Ma mi sono fermato per un istante a guardare i primi minuti di #16 Albany vs #16 Mount St. Mary’s e non mi sono alzato dal divano fino alla conclusione della stessa. Non certo per il suo tasso tecnico. Non certo per i talenti in campo. Di sicuro nemmeno per il valore della partita in sé o per la cornice di pubblico. Ma per la poesia che c’era in quelle due squadre, le due considerate peggiori di tutto il tabellone NCAA. No, non c’erano rilasci alla Ray Allen o alla Steph Curry (14 su 46 da tre complessivo), non c’erano Lebron James da 25 punti in 12 minuti, grandi allenatori o trofei in palio.
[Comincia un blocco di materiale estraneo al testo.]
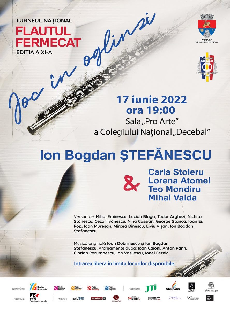 Turneul național ,,Flautul fermecat” – ediția a XI-a aduce sub titlul „Joc în oglinzi” un nou spectacol de muzică și poezie cu Ion Bogdan Ștefănescu şi discipolii săi: Carla Stoleru, Lorena Atomei, Teo Mondiru și Mihai Vaida.

C’era semplicemente una partita di pallacanestro giocata per l’amore verso la stessa. Passione, un tiro a 20” dal termine che esce per una manciata di millimetri e rende vane le speranze di 12 ragazzi e del loro allenatore. La squadra vincente, Albany, può gioire, ma dovrà andare ad affrontare la numero 1 Florida nella giornata di domani. Il premio per la sua vittoria sarà quindi una sconfitta assicurata e in un caso come questo credo che non si possa nemmeno dire “beh ma scenderanno comunque in campo per vincere”: sono ragazzi di 20 e passa anni, sono anche loro consapevoli di non poter competere con una macchina quasi perfetta che in stagione ha battuto tre volte su tre una Kentucky con 5-6 prospetti NBA. D’altronde sarebbe persino riduttivo relegare alla vittoria il motivo della discesa in campo di una squadra, anche in una partita come quella di ieri: nei volti dei giocatori di Mount St. Mary’s a fine partita non c’erano le lacrime dello sconfitto, ma la delusione di non avere altri 40 minuti per stare in campo. Nessuna vergogna per gli sconfitti, nessuna gloria per i vincitori, semplicemente basket. E per questo tremendamente bello. Albany si gode così la prima vittoria al Torneo nella sua storia (solo tre apparizioni precedenti) senza la luce dei riflettori e con una sconfitta in arrivo come premio. Ma non forse tutte le vittorie sono prima o poi seguite da sconfitte? allora non ha forse più valore per DJ Evans (che ieri ha pareggiato il suo career high di 22 punti) e compagni il fatto di avere altri 40 minuti per giocare a pallacanestro? La vittoria sì, ma come mezzo per ottenere altro gioco, altre emozioni, non solo per la vanità della stessa. 40 minuti. 28 metri di parquet. Una sconfitta. Una piccola nota di margine nei libri di storia del basket collegiale. Will Brown e i suoi ragazzi non potrebbero chiedere di meglio. E noi nemmeno.
Playin’ their hearts out: NC State edition
Un’altra bella storia potrebbero scriverla i Wolfpack di North Carolina State: squadra che quasi nessuno, sottoscritto compreso, si aspettava al Torneo NCAA e che in molti abbiamo subito etichettato come quasi “non meritevole” di un posto nelle 68. Meriti o demeriti di certo i ragazzi di Mark Gottfried sono stati ben contenti di rispondere alla chiamata della commissione e non si lasceranno certo fermare dai dubbi che li hanno circondati e che, anzi, probabilmente saranno la motivazione più forte del loro viaggio al Torneo. Intanto hanno iniziato con un’ ampia vittoria su Xavier guidati dal solito TJ Warren che però è stato ben supportato dai compagni che hanno coperto la sua mancanza prolungata nel primo tempo per problemi di falli e un lieve infortunio. Beejay Anya, Ralston Turner, hanno svolto un ruolo altrettanto fondamentale, ben oltre le statistiche, ricordandoci quanto il basket sia uno sport corale, dove non basta il centravanti da 20 gol a partita per vincere un campionato o anche solo arrivarci vicino. North Carolina State è dove è e non è un one man show, ma una squadra, meritevole della sua posizione e che lotterà per mantenerla. Dubbi, certezze, previsioni. Tutto inutile, tutto vacuo. Ormai si è iniziato a giocare a basket: non resta che godersi lo spettacolo.